*** Dataset section ***

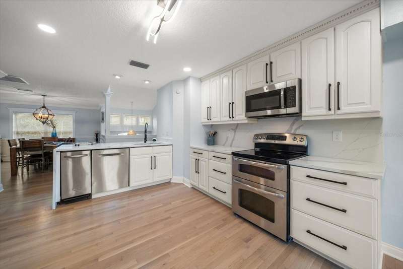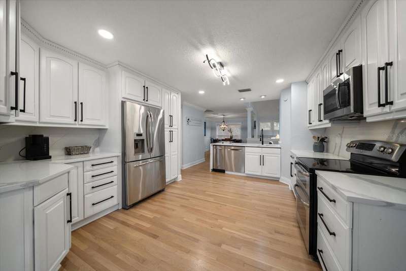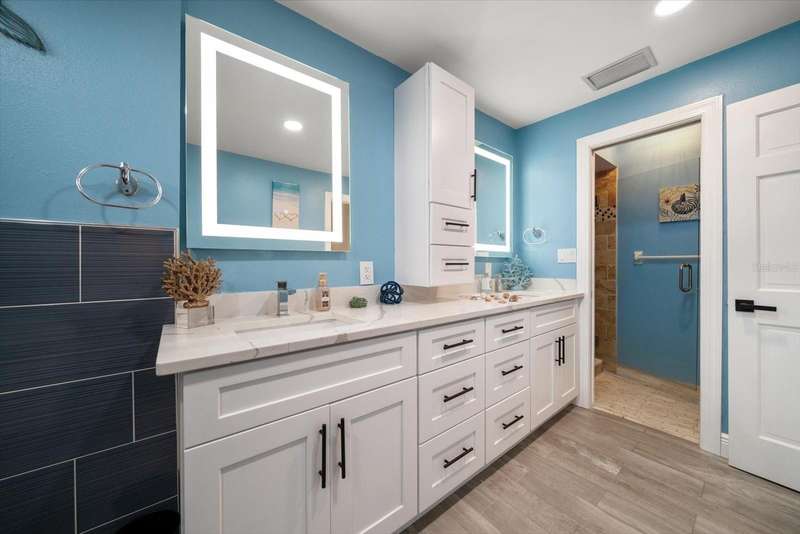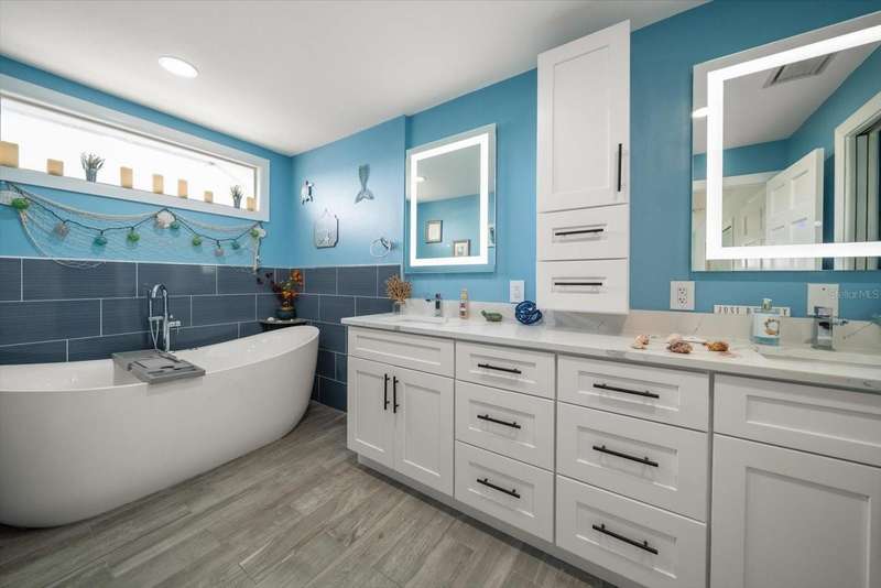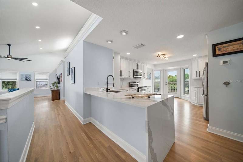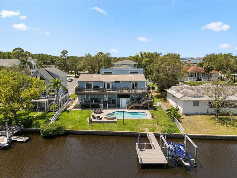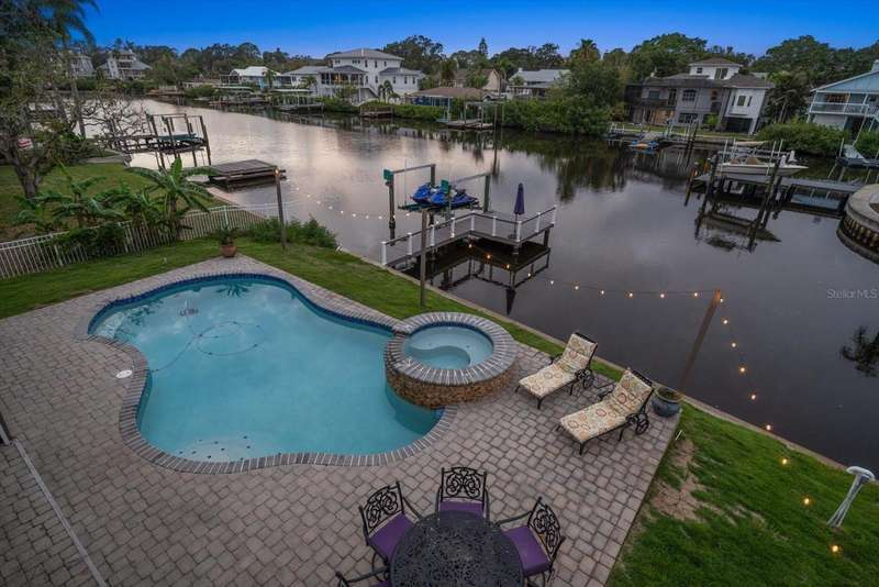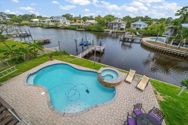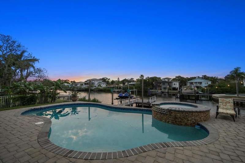 Under contract-accepting backup offers. HUGE PRICE IMPROVEMENT! Seller wants this sold! You will not find a gorgeous, updated, waterfront home in Ozona for a better price! WELCOME TO 316 HILLPOINT DRIVE! Discover the perfect blend of modern luxury and relaxed coastal living in this beautifully renovated waterfront home in the heart of Ozona—one of Palm Harbor’s most desirable communities. Nestled on a quiet street with serene water views, 316 Hillpoint Drive delivers a rare turnkey opportunity where no detail has been overlooked. The best part? THIS HOME DID NOT FLOOD DURING HURRICANES HELENE AND MILTON! Step inside to find a thoughtfully updated interior where timeless finishes meet contemporary comfort. The main level features all-new marble inspired toned tile flooring, fresh paint throughout, 5¼-inch baseboards, new window and door casings, and stylish black hardware accents. An interior stair door was added to create flexible privacy—ideal for multigenerational living or rental potential. The upstairs living space showcases refinished hardwood floors in a light coastal finish, new light fixtures including an updated chandelier, and a fresh neutral palette that enhances the natural light. Two modernized kitchens—one on each level—boast freshly painted white cabinetry, crown molding, oversized black pulls, waterfall-edge counters in the main kitchen, and an additional downstairs refrigerator for effortless entertaining. Beyond aesthetics, this home has undergone extensive mechanical and system upgrades designed for comfort and peace of mind. Highlights include two new HVAC systems, new water heaters, a sealed crawlspace with vapor barrier, and updated electrical subpanels for both the pool and dock. A brand-new well and upgraded irrigation system ensure lush landscaping year-round. Step outside to your private backyard oasis, where a resurfaced pool sparkles with a glass tile waterline, stone spa, propane heater, and new pump. Enjoy warm breezes under the covered lanai with new ceiling fans, LED recessed lighting, and an unmatched sense of tranquility. Invite friends for cocktails by the fire-lit spa, spend weekends paddleboarding out back, or unwind in one of the home's soaking tubs after a day of boating. With distinct upstairs and downstairs living quarters, this home offers comfort, privacy, and versatility for family, guests, or long-term hosting. This isn't just a house -- it's the waterfront lifestyle you've dreamed of. Elevated. Effortless. Yours. Whether you're seeking a full-time residence, vacation home, or an income-generating property, this stunning home offers a rare combination of luxury, flexibility, and enduring value in one of Florida’s most charming coastal enclaves.
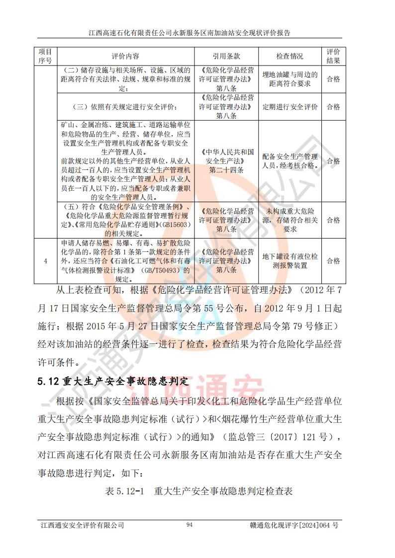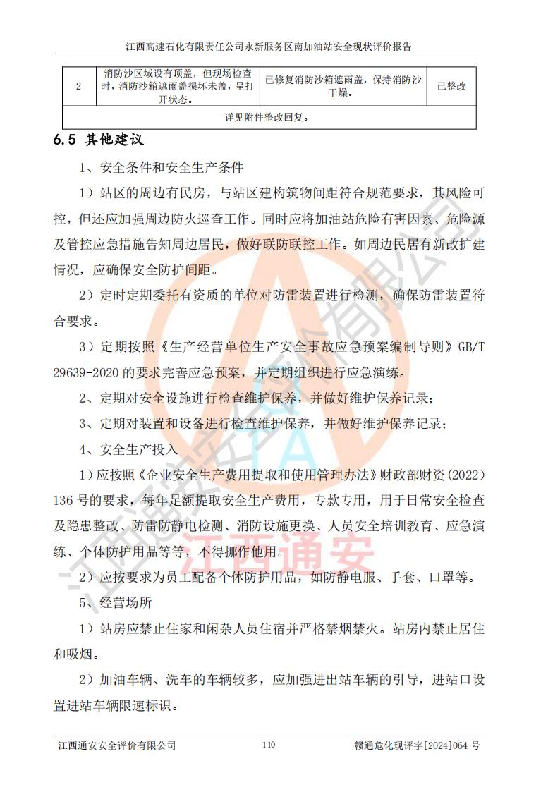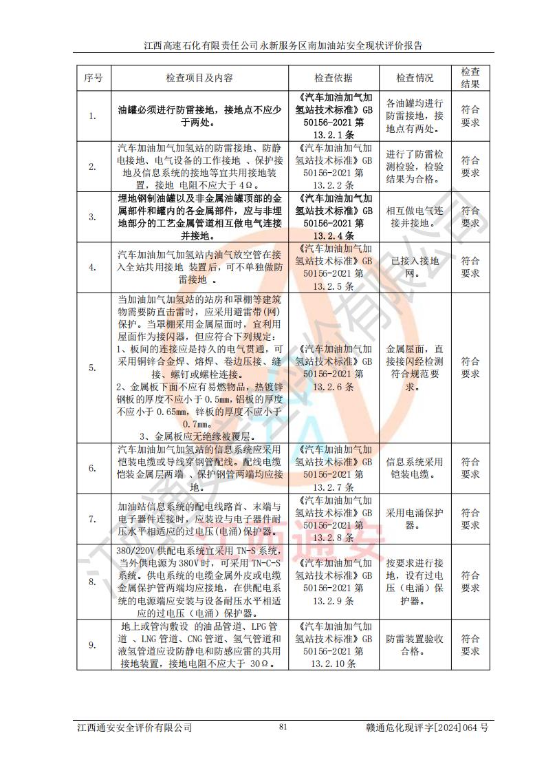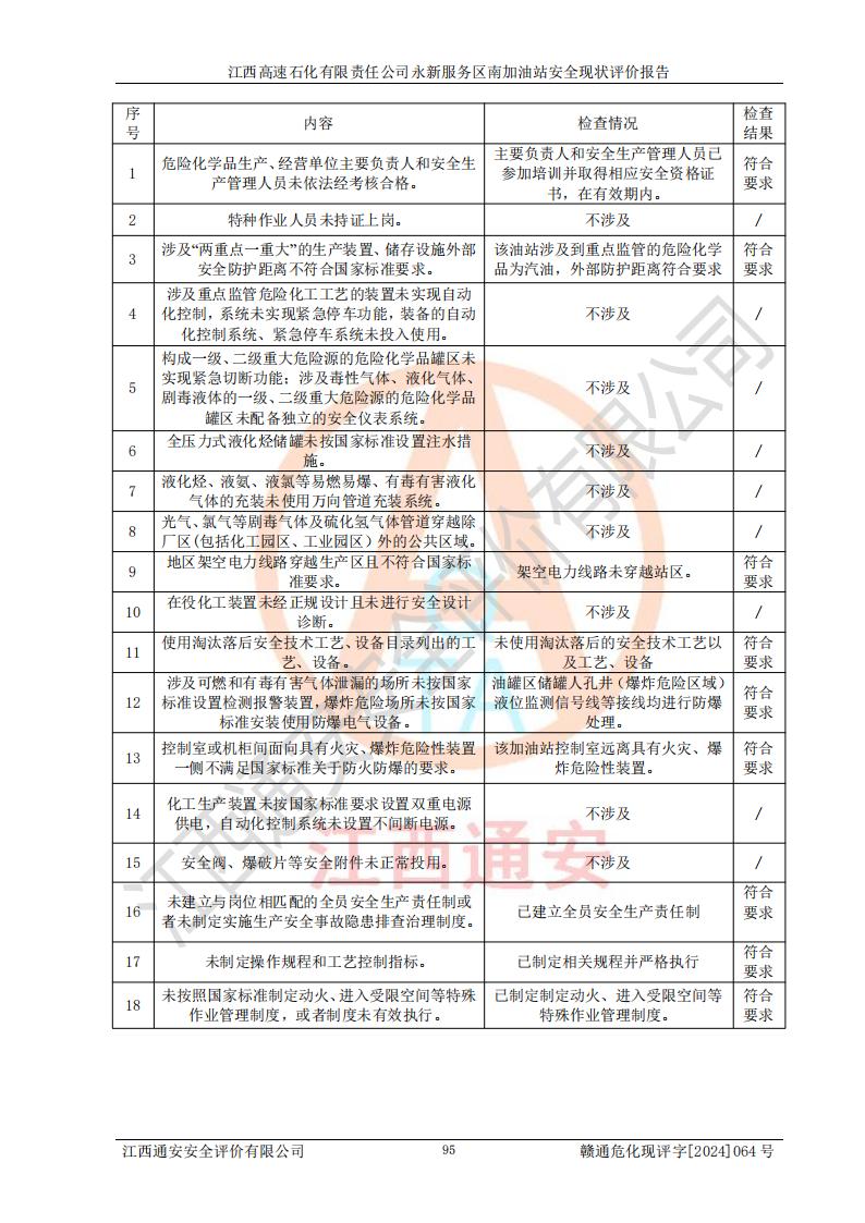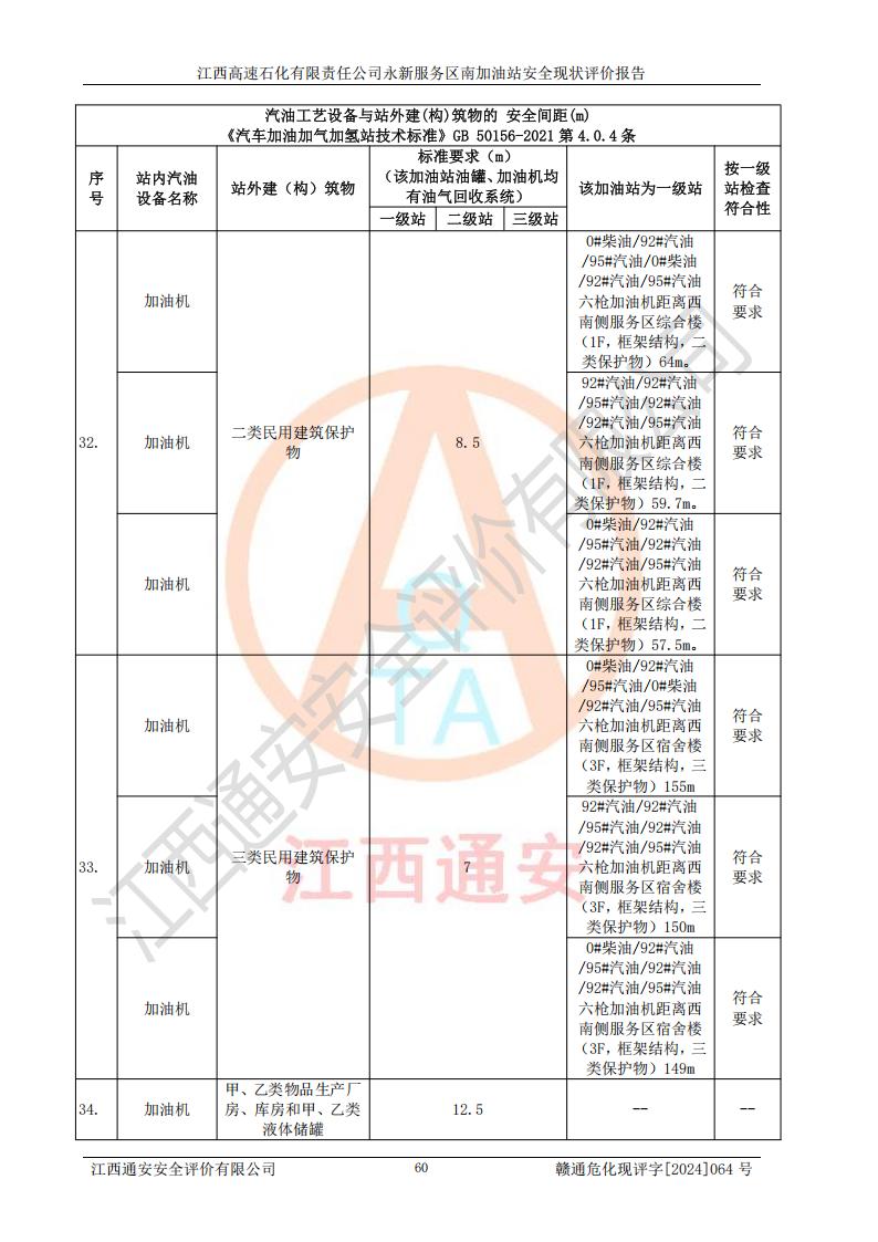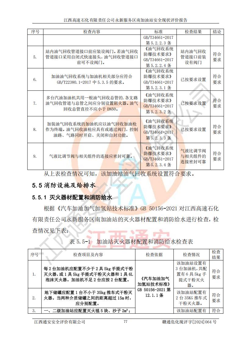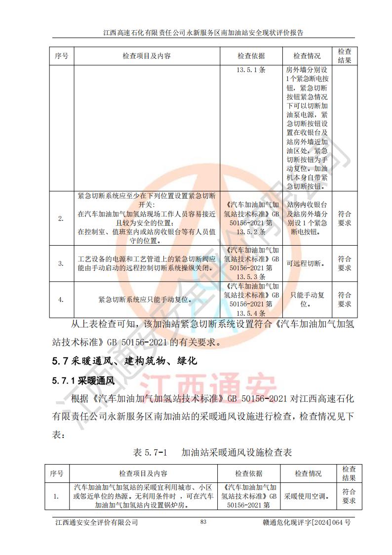 評價結論 | 江西高速石化有限責任公司永新服務區(qū)南加油站站址合理,周邊環(huán)境良好,與敏感防護目標間距符合規(guī)范要求,站區(qū)建構筑物之間的防火間距、耐火等級符合標準要求,與總平面布置圖一致,加油卸油工藝及設備設施合理,工藝布置得當,防雷設施經(jīng)檢測合格,采取的工藝安全設施符合規(guī)范要求;該加油站制定了安全管理制度和操作規(guī)程,人員經(jīng)培訓合格后上崗,安全管理人員經(jīng)考核合格并取得安全合格證,能按照法律法規(guī)要求開展安全生產(chǎn)管理工作。 綜上:江西高速石化有限責任公司永新服務區(qū)南加油站符合《汽車加油加氣加氫站技術標準》GB50156-2021等標準規(guī)范的要求,安全風險可控,滿足危險化學品經(jīng)營的安全條件。 | |||
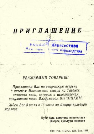 | Пригласительный билет на концерт Высоцкого |

*** End of Dataset section ***

* **Directions for this task**: Give back the whole listing exactly; no pictures.

* **Task answer**:
 Under contract-accepting backup offers. HUGE PRICE IMPROVEMENT! Seller wants this sold! You will not find a gorgeous, updated, waterfront home in Ozona for a better price! WELCOME TO 316 HILLPOINT DRIVE! Discover the perfect blend of modern luxury and relaxed coastal living in this beautifully renovated waterfront home in the heart of Ozona—one of Palm Harbor’s most desirable communities. Nestled on a quiet street with serene water views, 316 Hillpoint Drive delivers a rare turnkey opportunity where no detail has been overlooked. The best part? THIS HOME DID NOT FLOOD DURING HURRICANES HELENE AND MILTON! Step inside to find a thoughtfully updated interior where timeless finishes meet contemporary comfort. The main level features all-new marble inspired toned tile flooring, fresh paint throughout, 5¼-inch baseboards, new window and door casings, and stylish black hardware accents. An interior stair door was added to create flexible privacy—ideal for multigenerational living or rental potential. The upstairs living space showcases refinished hardwood floors in a light coastal finish, new light fixtures including an updated chandelier, and a fresh neutral palette that enhances the natural light. Two modernized kitchens—one on each level—boast freshly painted white cabinetry, crown molding, oversized black pulls, waterfall-edge counters in the main kitchen, and an additional downstairs refrigerator for effortless entertaining. Beyond aesthetics, this home has undergone extensive mechanical and system upgrades designed for comfort and peace of mind. Highlights include two new HVAC systems, new water heaters, a sealed crawlspace with vapor barrier, and updated electrical subpanels for both the pool and dock. A brand-new well and upgraded irrigation system ensure lush landscaping year-round. Step outside to your private backyard oasis, where a resurfaced pool sparkles with a glass tile waterline, stone spa, propane heater, and new pump. Enjoy warm breezes under the covered lanai with new ceiling fans, LED recessed lighting, and an unmatched sense of tranquility. Invite friends for cocktails by the fire-lit spa, spend weekends paddleboarding out back, or unwind in one of the home's soaking tubs after a day of boating. With distinct upstairs and downstairs living quarters, this home offers comfort, privacy, and versatility for family, guests, or long-term hosting. This isn't just a house -- it's the waterfront lifestyle you've dreamed of. Elevated. Effortless. Yours. Whether you're seeking a full-time residence, vacation home, or an income-generating property, this stunning home offers a rare combination of luxury, flexibility, and enduring value in one of Florida’s most charming coastal enclaves.
 評價結論 | 江西高速石化有限責任公司永新服務區(qū)南加油站站址合理,周邊環(huán)境良好,與敏感防護目標間距符合規(guī)范要求,站區(qū)建構筑物之間的防火間距、耐火等級符合標準要求,與總平面布置圖一致,加油卸油工藝及設備設施合理,工藝布置得當,防雷設施經(jīng)檢測合格,采取的工藝安全設施符合規(guī)范要求;該加油站制定了安全管理制度和操作規(guī)程,人員經(jīng)培訓合格后上崗,安全管理人員經(jīng)考核合格并取得安全合格證,能按照法律法規(guī)要求開展安全生產(chǎn)管理工作。 綜上:江西高速石化有限責任公司永新服務區(qū)南加油站符合《汽車加油加氣加氫站技術標準》GB50156-2021等標準規(guī)范的要求,安全風險可控,滿足危險化學品經(jīng)營的安全條件。 | |||
 | Пригласительный билет на концерт Высоцкого |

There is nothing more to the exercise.